Sleep is cut. Exercise disappears. Meals become whatever is fastest. Friends are seen as distractions. Everything goes on hold until "after exams."
The irony: this sacrifice of wellbeing directly impairs the cognitive performance you're trying to protect.
Sleep deprivation reduces cognitive performance more than alcohol at the same blood impairment level
Exercise during exam season improves memory consolidation and reduces cortisol
Social connection is not a distraction — isolation increases anxiety and impairs performance
The 90% rule: if you maintain 90% of normal wellbeing habits, you perform significantly better
Matthew Walker's sleep research is unambiguous: a single night of 5–6 hours of sleep produces a 25–30% reduction in working memory capacity, attention, and problem-solving speed. Continued sleep deprivation compounds linearly. A student who sleeps 5 hours a night for five nights before an exam is not just slightly impaired — they are cognitively significantly compromised in exactly the faculties the exam requires.

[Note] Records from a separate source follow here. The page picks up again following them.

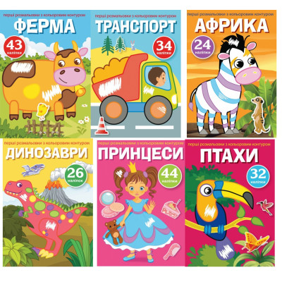 Перші розмальовки з кольоровим контуром і наліпками. Африка Динозаври Комахи Птахи Транспорт Ферма :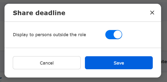 Turn on the toggle key to show the deadlines to Content managers who do not have the management roles to the content.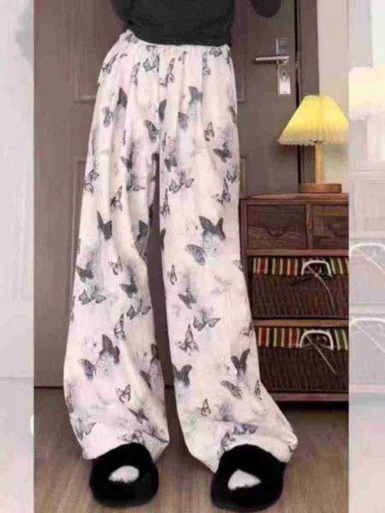 ☕️水墨蝴蝶国风阔腿裤女夏季休闲新中式扎染冰丝裤36...

And the cruelest part: sleep-deprived students consistently underestimate their own impairment. They feel more alert than they are.
Exercise during exam season is not a luxury. John Ratey's research on exercise and the brain shows that even 20 minutes of moderate exercise increases BDNF (brain-derived neurotrophic factor — the growth factor for new neural connections), improves mood, reduces cortisol, and significantly improves memory consolidation for material studied in the hours following exercise. A 20-minute walk after a study session is better for retention than 20 more minutes of study.

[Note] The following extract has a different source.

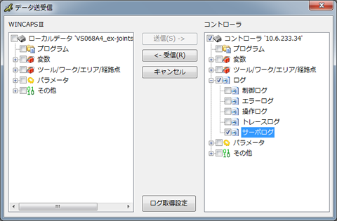 WINCAPSIIIのデータ送受信機能にて、サーボログを受信してください。

Social connection: the cognitive and emotional cost of isolation — loneliness's effect on cortisol, sleep, and immune function — is well-documented. Brief, genuine social contact (even 15 minutes of real conversation with a friend) has measurably positive effects on subsequent cognitive performance.
The 90% rule: if you maintain 90% of your normal sleep, eating, movement, and social habits during exam season, you will perform significantly better than if you sacrifice them in pursuit of more study hours.
Find a comfortable position · Read slowly
For the next exam season, make these three non-negotiables:
1. Sleep floor: I will not sleep less than ___ hours, no matter what. (Minimum 7.)
2. Movement: I will move my body for at least 20 minutes every day.
3. One social connection: I will have at least one genuine (not WhatsApp) conversation with a friend each day.
These are not indulgences. They are the conditions under which your studying actually produces results.
Taking care of yourself during exams is not selfishness or weakness. It is the science of performing well. The student who sleeps consistently outperforms the student who stays up — every time.